The others nodded in agreement, their little heads bobbing up and down aggressively

“Where is this Frozen Pendant now?” Regdar asked.

Every one of the mephits faced the ground. “Down, down, down. Hot down. We cannot go. You may go, not weee.”

“Slow down,” Sonja said. “Tell us about Glaze. Tell us how all of this happened.”

The mephits whispered to each other for a moment in an unintelligible language all their own. Regdar took the opportunity to whisper in Sonja’s ear.

“Are you sure this is smart?” he asked the druid. “How can we know they aren’t deceiving us?”

“I don’t,” Sonja confessed, “but they saved our life. We should at least listen.”

“The dragon Glaaaze,” said one of the mephits suddenly, “lived far to the north, where his kind were being slaughtered by giants of frost.”

“That could be the Endless Glacier,” said Sonja, “where I was born. How do you know?”

“He told us when we arrived. He wanted us to stay in this new snow world. But we want to go back home.”

“Why can’t you just walk through the rift again?” asked Regdar.

The mephits talked to each other in their own language, almost as if they were deciding on the proper response. “Wiiinds!” one shouted. “We get blown back through.”

“You refused to cooperate with Glaze?” asked Lidda.

“And he killllled some of us.”

“We took refuge in the towers…”

“… where Glaaaaze cannot reach us.”

It was unsettling the way the mephits began and ended one another’s statements, sometimes switching speakers two or three times per sentence.

“He is young but smart, for one of they, one whiiiite,” other mephits said. “He did not want to fight giants. So he left.”

“He wanted to find new place, place free of giants.”

“He traveled from snow-capped mountain…”

“… to snow-capped mountain. For a while…”

“… he finds peace, but older, more…”

“… aggrrrressive whites live…”

“… there already and force him…”

“… out.”

“But he heard about Ilyskynar… Frozen Pendant. He heard it here, in lost city in forest near mountains…”

“… he went seeking. Many yeeears he search forests. Find nothing.”

“Then he finds this city, in this forrrrrest. He searched city…”

“… breakedthrough to this underground. Open…”

“… doors to towers, searched towers. Maked lair…”

“… in one tower, broken…”

“… open at top.”

The mephit extended a wing to one of the cylinders in the distance, indicating the bottom of one of the great towers. A tremendous pile of broken wood was heaped against the door and welded together with ice, meant to keep the dragon out. Sonja assumed this was the work of the mephits’ icy breath—not as strong as that of a white dragon or a winter wolf but still potent.
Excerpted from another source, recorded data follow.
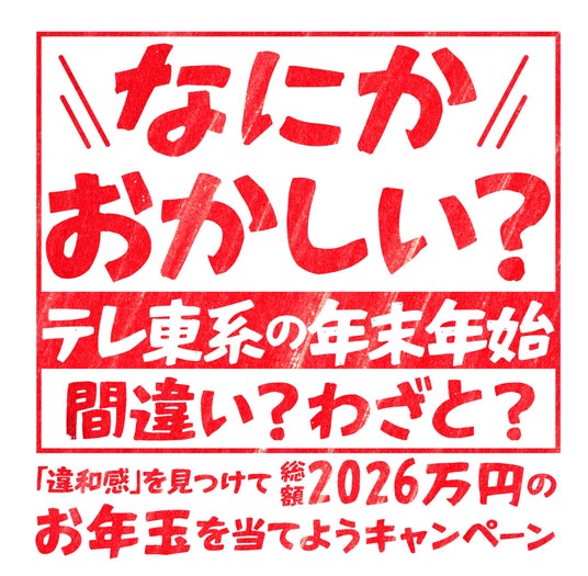 12/27(土)~1/3(土)の期間、テレ東系で放送される番組内で一部「なにかおかしい」部分が放送されてしまいます。皆様にも番組のチェックにご協力いただき、「なにかおかしい」部分をキャンペーン公式 HP からご報告いただけないでしょうか?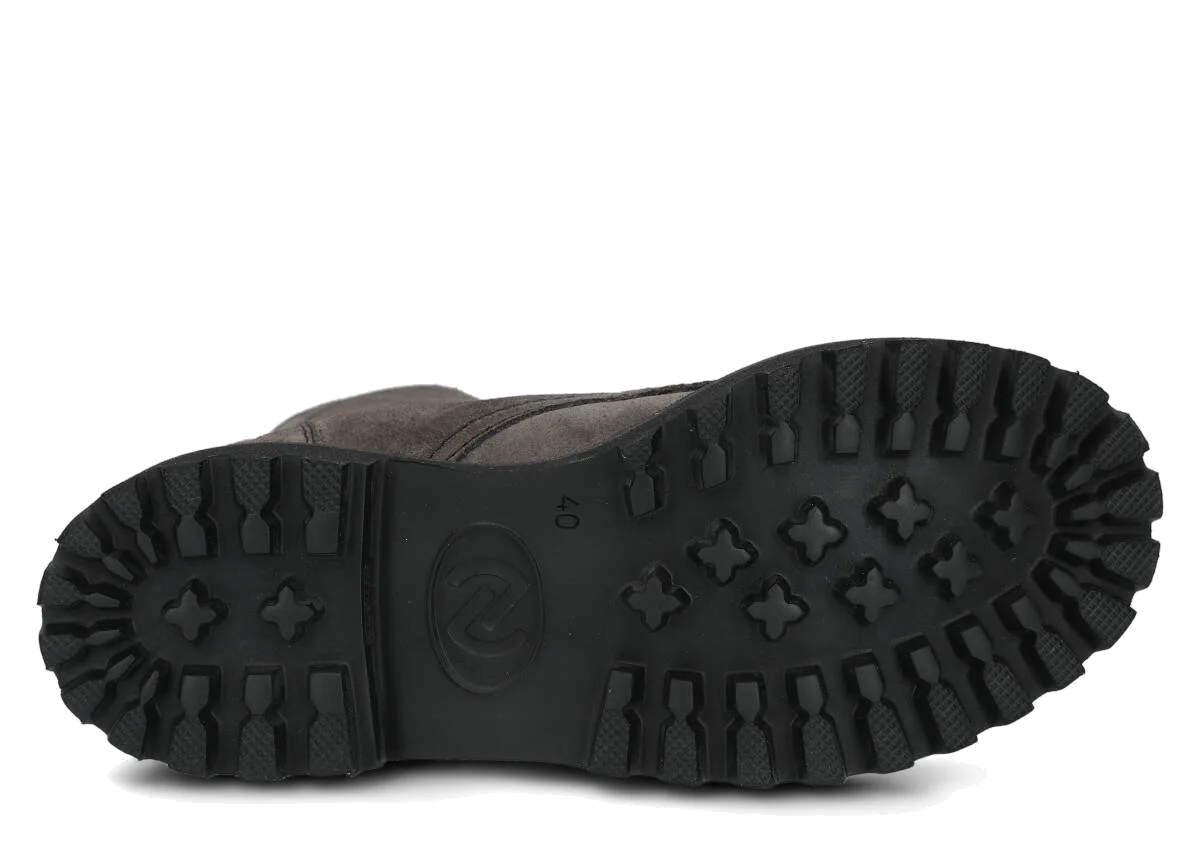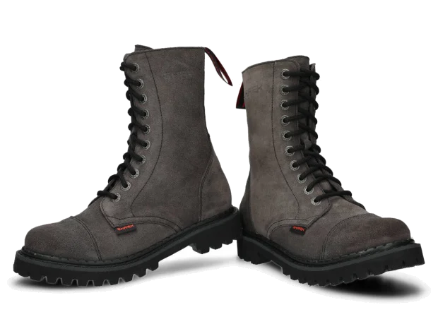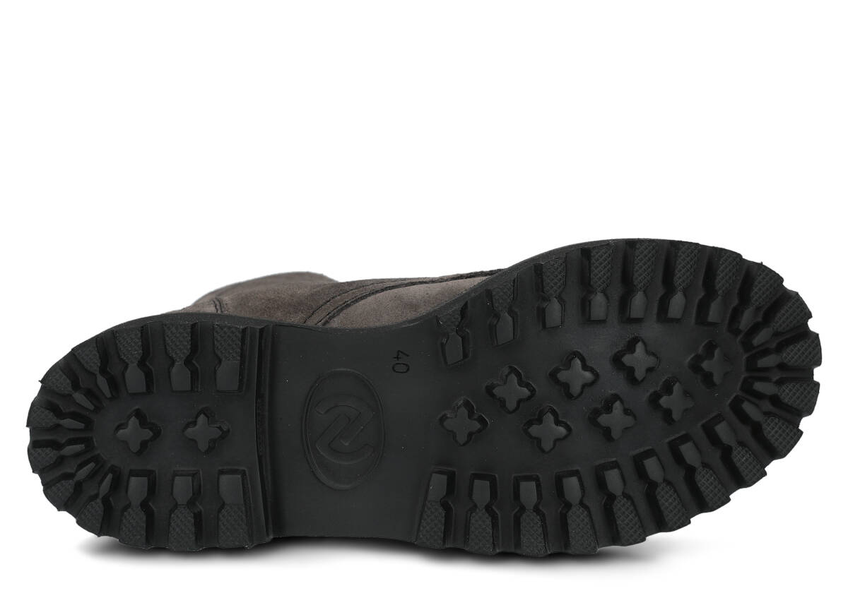 Tato obuv byla navržena a vyrobena v Polsku s dodržením nejvyšších standardů kvality. Lakovaná kůže typu velur v grafitová barvě, ze které je vyroben svršek, pochází z ověřených koželužen.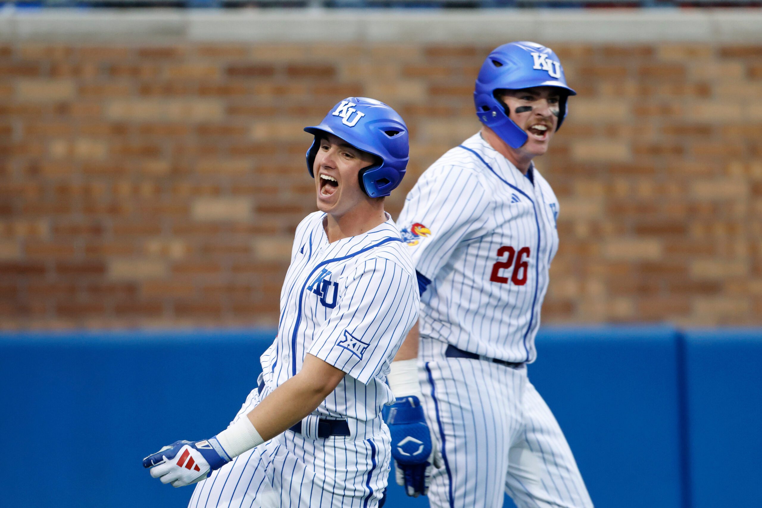 PHOTO: Kansas’ Tyson LeBlanc, left, and Brady Ballinger (26) react after scoring off a Dariel Osoria single during eighth inning of an NCAA college baseball game against St. Thomas on Thursday, March 5, 2026, in Lawrence, Kan. (AP Photo/Colin E. Braley)
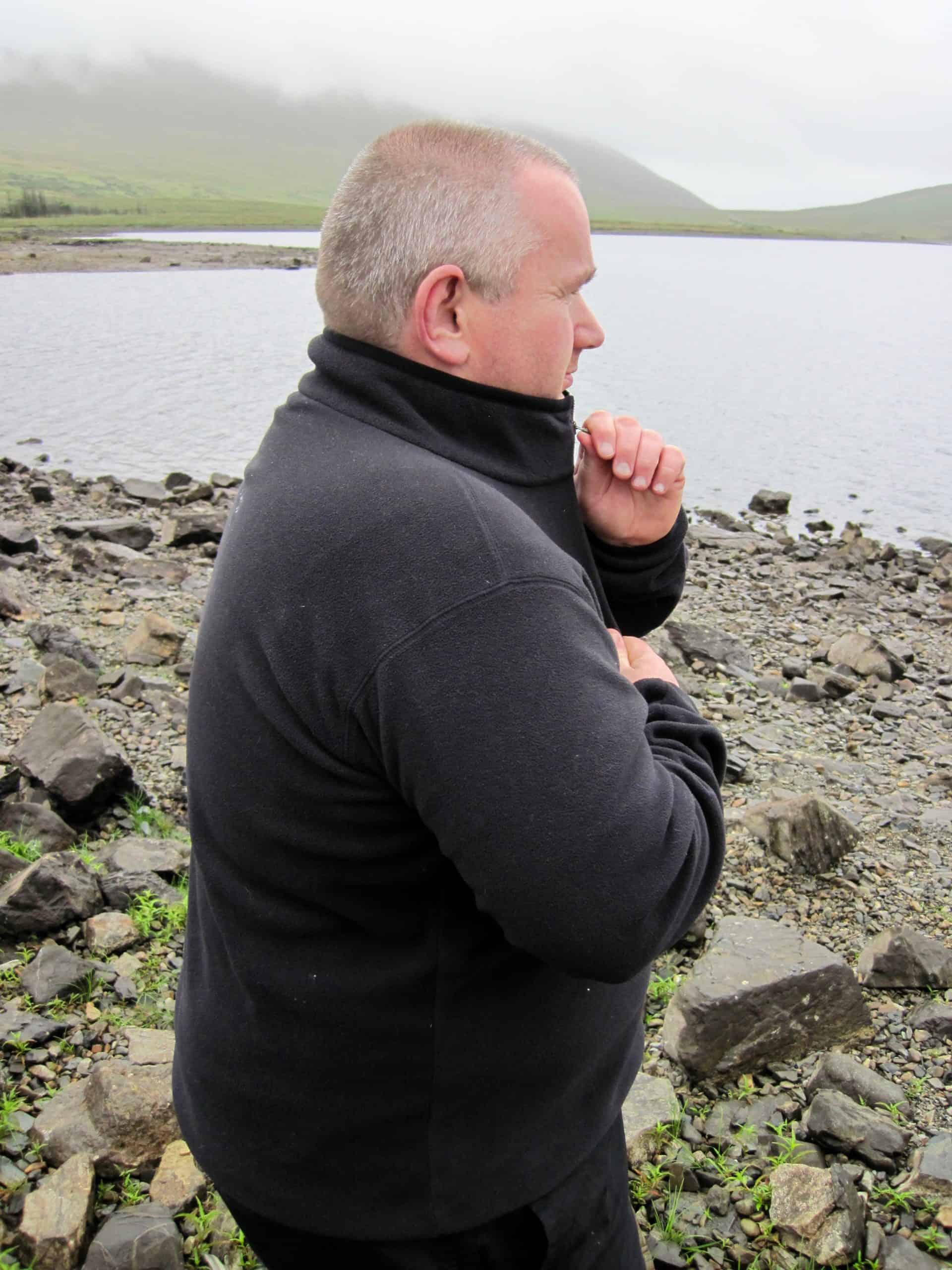A hiker dressed in outdoor gear enjoys a peaceful moment beside a serene river surrounded by rocky terrain and lush green hills, ideal for nature walks and exploring the great outdoors.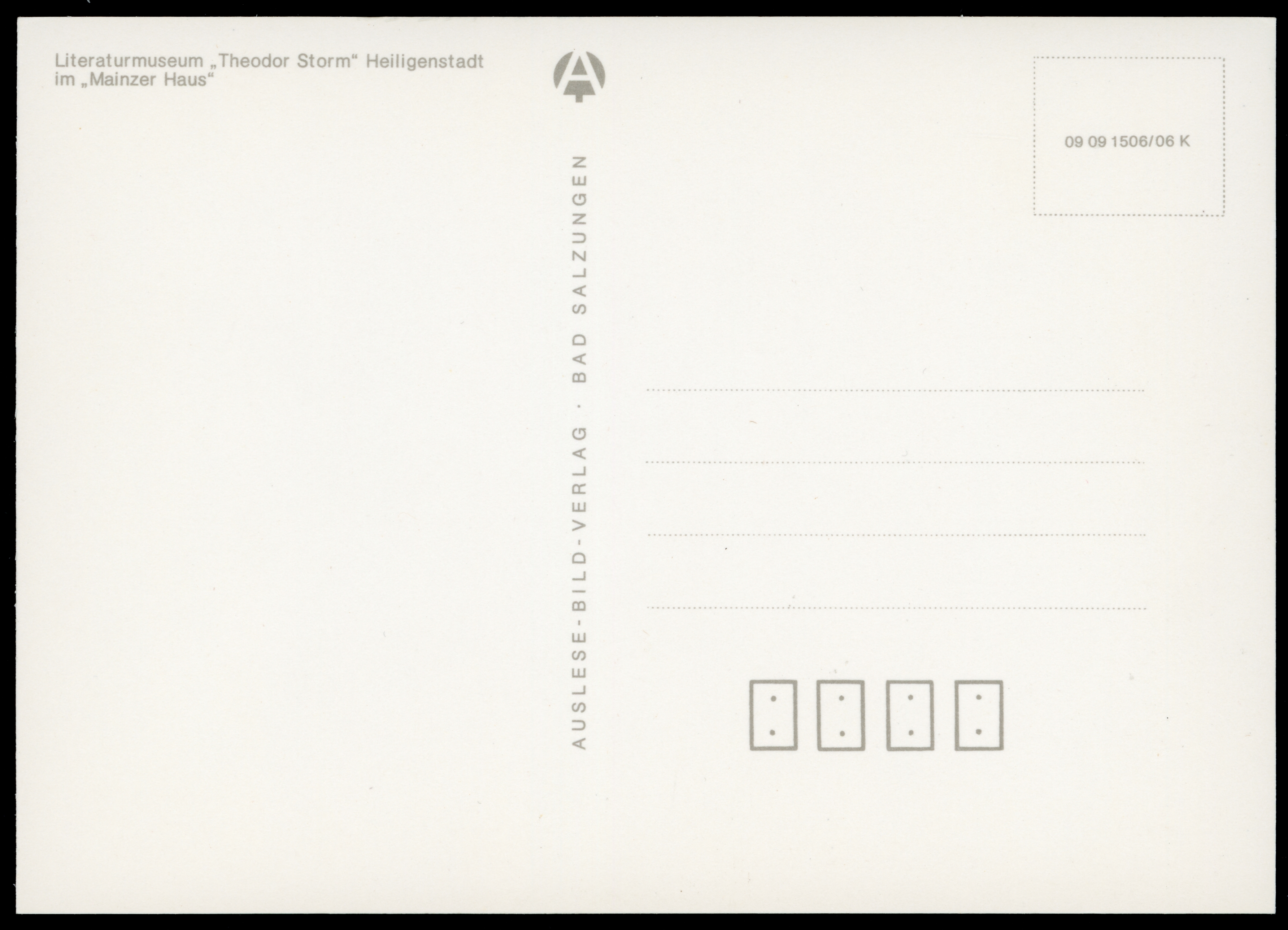 Ort Heiligenstadt Motive Literaturmuseum ''Theodor Storm'' Heiligenstadt im Mainzer Haus Format groß Verlag Auslese-Bild-Verlag, Bad Salzungen Bestell- oder Individualnummer 09 09 1506/06 K

“And then,” a new mephit took the dialogue, “heeee found a stairway…”

“… down, down, down.”

“He follow. Into hot place. Hot…”

“… place under towers.”

“Magically heated,” reasoned Hennet. “Too hot for you to go there yourselves?”

The ice mephits shuddered at the thought. “Boil, sizzle, boil!”

“You mean,” said Sonja, “that Glaze found the Frozen Pendant somewhere beneath this underground mall. When he activated it, the rift opened, and you were blown through along with the elemental ice.”

The mephits nodded together.

“Earlier,” said Lidda, “we encountered a creature that looked like a giant scorpion, only it was made of ice. How did it get here?”